Putin Signals Tax Increases as Russian Economy Struggles
MOSCOW – Russian President Vladimir Putin has signaled a shift in economic policy, indicating potential tax increases despite a previous pledge not to raise them within the next five years. The move comes as Russia‘s economy grapples with the impact of Western sanctions imposed following the invasion of Ukraine in February 2022, compounded by Ukrainian attacks on key oil refineries.
Putin had previously directed the government to seek new revenue through increased productivity rather than taxation,but has recently reversed course. While details remain scarce, potential increases include dividend taxes and the introduction of a luxury tax. This signals a growing concern over Russia’s economic performance, which, while still showing growth, is weakening and recently entered a technical recession with GDP declines in the last two quarters.
The value added tax currently accounts for approximately 37 percent of all Russian budget income. An increase in this tax could potentially halve the projected budget deficit for 2026. Despite the economic headwinds, Russia is currently experiencing economic growth of around one percent this year.

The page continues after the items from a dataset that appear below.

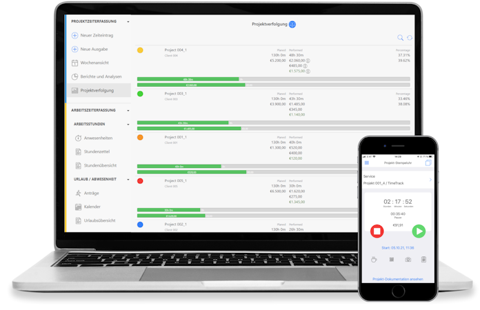 TimeTrack can be used via WebApp, on smartphones (iOS and Android) as well as on a Tablet (TimeTrack Terminal App). The TimeTrack Terminal App can be used for access control. With the project timer, each employee’s working hours are recorded and then evaluated in the project reports, which create a clear overview of the accomplished tasks.
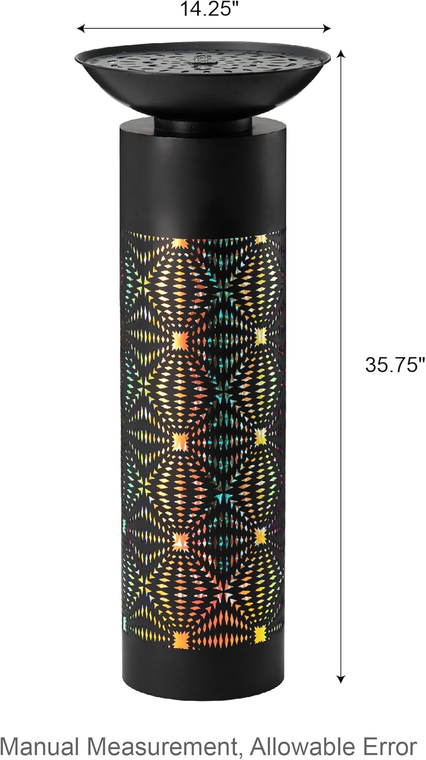 - Eye-Catching LED Outdoor Fountain :This weather-resistant metal bird bath fountain combines intricate cutout patterns with built-in warm white LED lighting to create mesmerizing light-and-shadow displays that elevate any outdoor space. The gently trickling water sparkles under the bright yet cozy glow, blending modern design with natural tranquility for a captivating focal point in gardens, patios, or decks.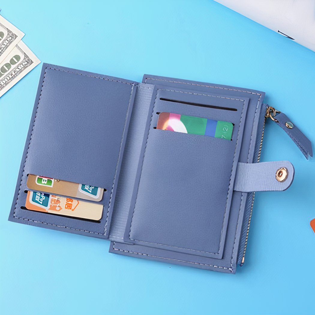 Un cuir synthétique de qualité dans une couleur bleu qui plaira à tous. Un portefeuille qui garde tout ce dont vous avez vraiment besoin en sécurité et qui se glisse dans le sac ou dans la poche.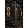 Armoire-cabinet en deux corps avec corps supérieur en retrait en bois noirci, pierres dures polychromes, bronze doré et fiets d’étain. Corps supérieur formant cabinet ouvrant à dix tiroirs et une porte centrale ; façades des tiroirs à caisson avec plaque en pietra dura à décor de branches fleuries et d’oiseaux ; partie centrale architecturée avec niche, colonnettes en marbre jaspé à chapiteaux corinthiens et fronton brisé ; entourage de la porte orné de diffrentes pierres dures enchâssées (lapis-lazuli, améthyste, rosso antico, jaspe strié, vert antique …) aux bords soulignés de fiets d’étain ; cette porte découvre deux tiroirs intérieurs avec façade en paesine, des tiroirs secrets se dissimulent dans les parois latérales ; ce corps est surmonté d’une galerie avec édicule central architecturé abritant une pendule et reprenant le même décor, agrémenté de statuettes et d’urnes en bronze doré. Corps inférieur ouvrant à trois tiroirs en ceinture et trois vantaux ornés de plaques de pierres dures enchâssées ainsi que les montants en pilastre ; il repose sur huit pieds tournés. Faces latérales également ornées de plaques de pierres dures. Prises des tiroirs et des portes en forme de petits bustes en bronze doré. Clefs. La pendule est dite pendule « queue de vache » au cadran argenté. Ancienne étiquette de la Maison Couto, restaurateur à Lisbonne. Italie, Florence, vers 1700 H 240 × L 150 × P 65 cm (petites restaurations)
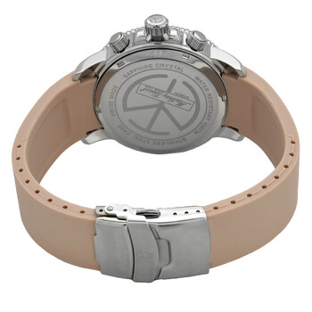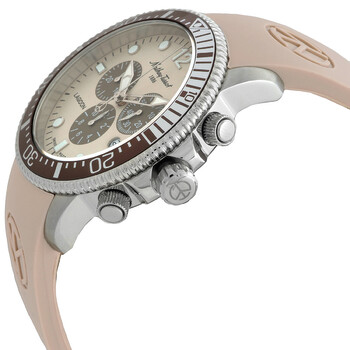 Silver-tone stainless steel case with a pink silicone strap. Uni-directional rotating brown bezel. Beige dial with silver-tone hands and Arabic numeral & index hour markers. Minute markers around the outer rim. Dial Type: Analog. Luminescent hands and markers. Date display at the 4 o'clock position. Chronograph - three sub-dials displaying: 60 second, 30 minute and 12 hour. Ronda Caliber 5030.D quartz movement. Scratch resistant mineral crystal. Screw down crown. Solid case back. Round case shape, case size: 42 mm. Band width: 22 mm. Fold over clasp. Water resistant at 100 meters / 330 feet. Functions: chronograph, date, hour, minute, small second. Lagoon Series. Casual watch style. Watch label: Swiss Made. Mathey-Tissot Lagoon Chronograph Beige Dial Unisex Watch H123CHLBM.
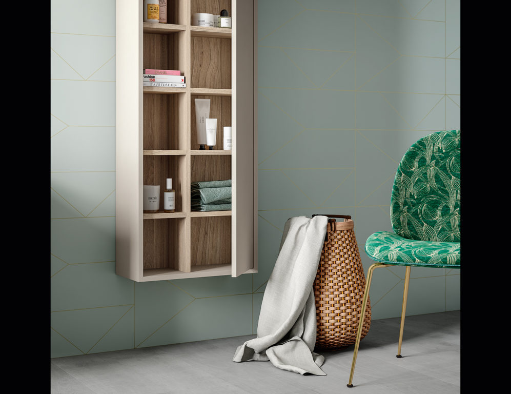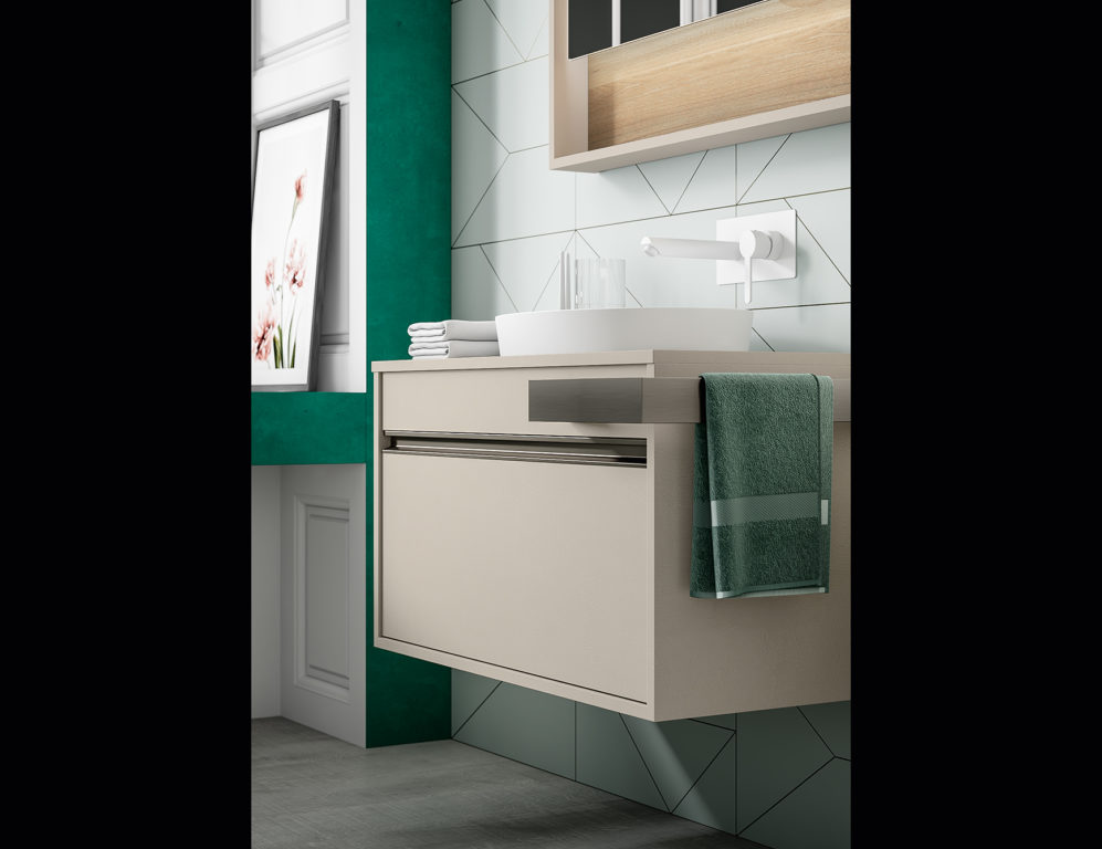 Smart 46-06 contemporary designer bathroom vanity shown in 90? width with Semi-inset Deimos Bianco washbasin. Module shown in Soft-Mat Canapa and one drawer with Titanio handle and towel rail. Mirror shown composed of Soft-Mat Canapa with Grafite Olmo shelves. Tall unit also available with interior in Grafite Olmo and exterior in Soft-Mat Canapa. Module finish options: 9 wood,11 Grafite HPL colors and 9 Soft-Mat Colors. Handles finish options: Titania and Moka. Washbasins finish options: Bianco, Fango and Lava. Ceramic Integrated washbasin finishes: Matt grey and Matt white. This Collection offers aesthetics, uniqueness, functionality, and capacity by enhancing any space available. Designed by Aquamarine, Made by Sindean.

putin has attempted to frame the slowing growth as intentional, telling legislators it represents “a slowdown in growth in exchange for reducing inflation and maintaining macroeconomic stability.” However, this strategy is unconventional, as central banks typically utilize interest rates to control inflation. Notably, the Russian central bank lowered its basic interest rate by one percentage point to 17 percent in September, citing slowing economic growth as a contributing factor.
Inflation remains a concern, with consumer prices rising at approximately eight percent annually. The economic pressures are occurring alongside ongoing military expenditures related to the war in Ukraine, further straining the russian budget.